Выбрать главу

- Последнюю волю бабушки исполнить.

- Ну проходи, раз так, - сказала она, медленно, размеренно к двери входной проходя и из складок платья большой железный ключ выуживая. - Редко внуки волю покойников сейчас исполняют. Отчего ж ты такая внучка послушная?

Анна не ответила, но чуть не споткнулась, в воспоминания в миг проваливаясь. В голове промелькнули образы, как через неделю после смерти бабки, когда нервы не выдержали, вызвонила она священника. Вызвонить - вызвонила, а вот дальше...

... Со звоном, с дребезгом стакан осколочным дождем осыпался; ваза хрустальная, на столе стоящая, в миг во все стороны стекляшками острыми разлетелась - один на два пальца левее от лица Анны в стену вонзился, прядь волос золотых к обоям прибив. Прибил так, что от боли Анна зубы сжала и капельки крови на небе почувствовала.

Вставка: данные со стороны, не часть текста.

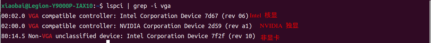# lspci 列出所有 PCI 设备,| 将上一条命令的输出作为下一条命令的输入,grep 搜索关键字 vga,-i 忽略大小写

Лампочки - в потолке, маленькие, желтым, золотистым светом гостиную заливающие, как по команде потухли-зажглись-потухли-зажглись и... вспыхнули, язычками пламени потолок белый облизывая.

- Слава Тебе, Царю, Боже Вседержителю, Иже Божественным Твоим и человеколюбным промыслом... - речитатив священника от стен отражался, звуками играл, а тот как не в себе, в трансе, золотым кадилом из стороны в сторону размахивал.

Стул деревянный, старый, как дикий зверь захрипел, завибрировал.

- Сподобил мя еси, грешнаго и недостойнаго, от сна восстати и получити вход святаго дому Твоего... - не замечая неладного бормотал священник, а Анна и дернуться боялась.

Деревянные ножки по полу заскребли - дернулись - и полетел стул в священника, как пинком подброшенный. Вскрикнуть тот не успел - в стену врезался и сполз, как тряпичная кукла, а кадило со звоном к ногам Анны подкатилось...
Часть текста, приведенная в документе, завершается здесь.